Omni-WorldBench：迈向面向世界模型的综合交互中心评估框架

摘要

基于视频的世界模型主要沿着两大范式发展：视频生成与三维重建。然而，现有评估基准要么局限于生成模型的视觉保真度和文本-视频对齐能力，要么依赖静态三维重建指标，本质上忽略了时序动态特性。我们认为世界建模的未来在于四维生成——即对空间结构和时序演化的联合建模。该范式的核心能力在于交互响应：即准确反映交互行为如何驱动时空状态转换的能力。但现有基准尚未系统评估这一关键维度。为填补这一空白，我们提出Omni-WorldBench，这是一个专门用于评估四维场景下世界模型交互响应能力的综合基准。该基准包含两大核心组件：Omni-WorldSuite——涵盖多层级交互类型与场景类别的系统性提示词集；以及Omni-Metrics——基于智能体的评估框架，通过量化交互行为对最终结果和中间状态演化轨迹的因果影响，来衡量世界建模能力。我们对18个代表性世界模型进行了多范式广泛评估，分析揭示了当前模型在交互响应方面的关键局限，为未来研究提供了可操作的见解。Omni-WorldBench将公开发布以推动交互式四维世界建模的发展。

English

Video--based world models have emerged along two dominant paradigms: video generation and 3D reconstruction. However, existing evaluation benchmarks either focus narrowly on visual fidelity and text--video alignment for generative models, or rely on static 3D reconstruction metrics that fundamentally neglect temporal dynamics. We argue that the future of world modeling lies in 4D generation, which jointly models spatial structure and temporal evolution. In this paradigm, the core capability is interactive response: the ability to faithfully reflect how interaction actions drive state transitions across space and time. Yet no existing benchmark systematically evaluates this critical dimension. To address this gap, we propose Omni--WorldBench, a comprehensive benchmark specifically designed to evaluate the interactive response capabilities of world models in 4D settings. Omni--WorldBench comprises two key components: Omni--WorldSuite, a systematic prompt suite spanning diverse interaction levels and scene types; and Omni--Metrics, an agent-based evaluation framework that quantifies world modeling capabilities by measuring the causal impact of interaction actions on both final outcomes and intermediate state evolution trajectories.
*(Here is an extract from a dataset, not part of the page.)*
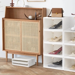 A dobozok biztonságosan egymásra helyezhetők, így a rendelkezésre álló térhez igazodó, áttekinthető cipőpolc hozható létre.
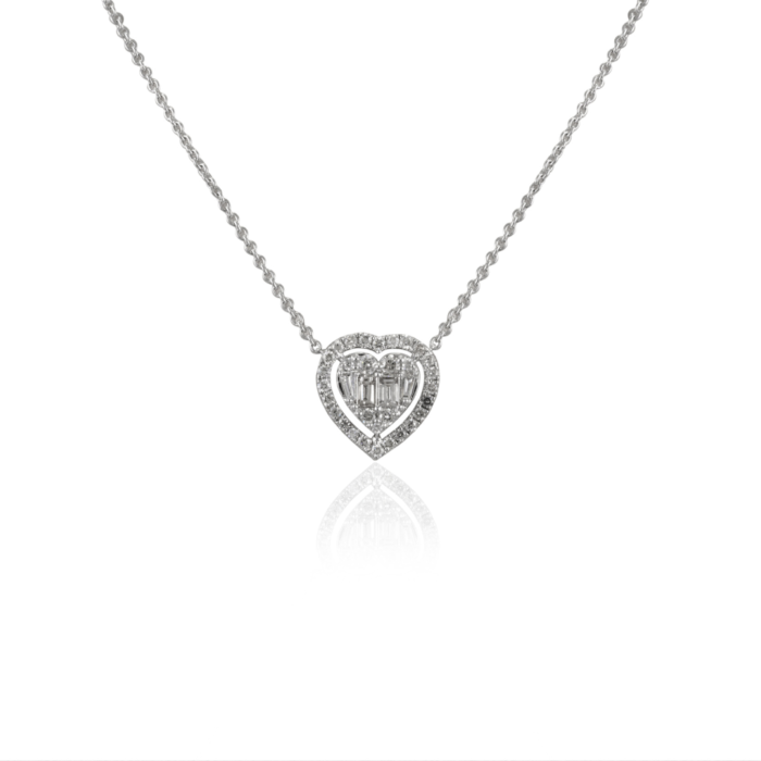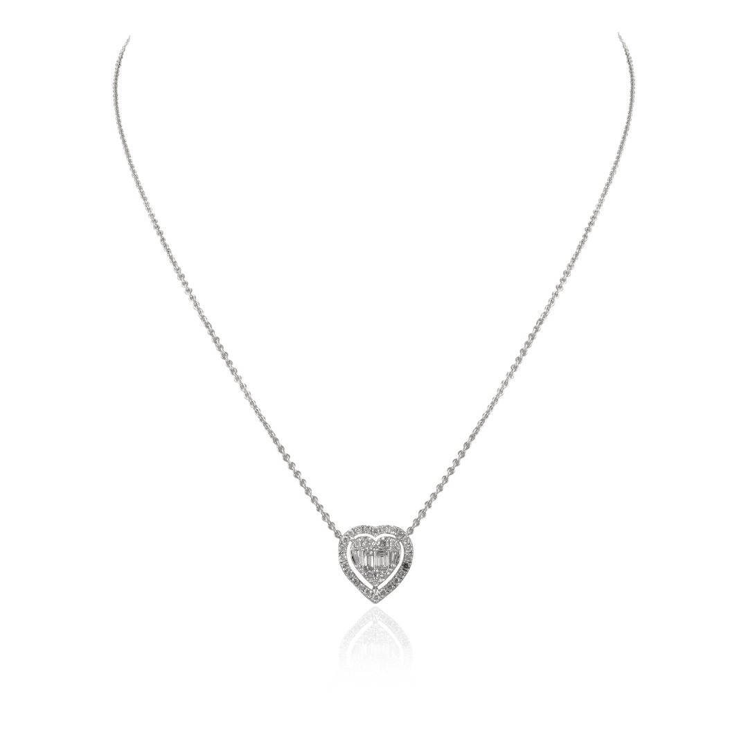 The 18k Gold Natural Diamond Heart Necklace features 0.5 carats of diamonds set in 18k solid white gold. With a gross weight of 3.22 grams and an illusion setting.

We conduct extensive evaluations of 18 representative world models across multiple paradigms. Our analysis reveals critical limitations of current world models in interactive response, providing actionable insights for future research. Omni-WorldBench will be publicly released to foster progress in interactive 4D world modeling.